● **Work to complete**
The result should be an exact copy of the data, free of pictures.

● **Given data**
# # #
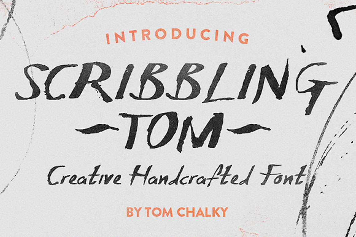 I had so much fun creating Scribbling Tom, the process was unlike any I have gone through before. It started with a hand full of paper and quickly writing (in uppercase and lowercase) the phrase ‘the quick brown fox jumps over the lazy dog’ 30 or so times. I scanned in the results, and selected the most suitable letters. The end result was, to my surprise, very effective and unique. So I continued to add to the experiment and developed the results into a full fledged font.
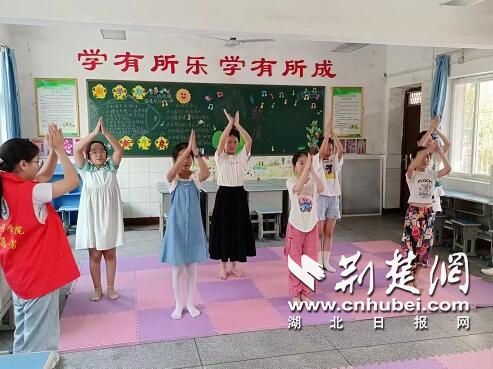 7月10日,来自汉江师范学院的“向阳花”志愿服务队,来到十堰市郧阳区鲍峡镇中心小学,开展“舞出青春底色,微笑点燃夏天”支教活动。
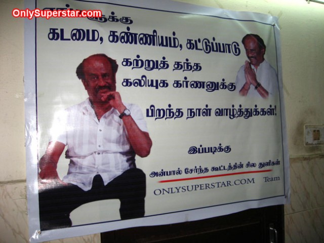 சூப்பர் ஸ்டாரின் பிறந்த நாளன்று ரசிகர்கள் வித விதமான போஸ்டர்களை எழுப்பி அதை போயஸ் கார்டன் மற்றும் சுற்றுப்புறங்களில் ஓட்டுவது வாடிக்கை.
# # #
● **Expected output**
 I had so much fun creating Scribbling Tom, the process was unlike any I have gone through before. It started with a hand full of paper and quickly writing (in uppercase and lowercase) the phrase ‘the quick brown fox jumps over the lazy dog’ 30 or so times. I scanned in the results, and selected the most suitable letters. The end result was, to my surprise, very effective and unique. So I continued to add to the experiment and developed the results into a full fledged font.
 7月10日,来自汉江师范学院的“向阳花”志愿服务队,来到十堰市郧阳区鲍峡镇中心小学,开展“舞出青春底色,微笑点燃夏天”支教活动。
 சூப்பர் ஸ்டாரின் பிறந்த நாளன்று ரசிகர்கள் வித விதமான போஸ்டர்களை எழுப்பி அதை போயஸ் கார்டன் மற்றும் சுற்றுப்புறங்களில் ஓட்டுவது வாடிக்கை.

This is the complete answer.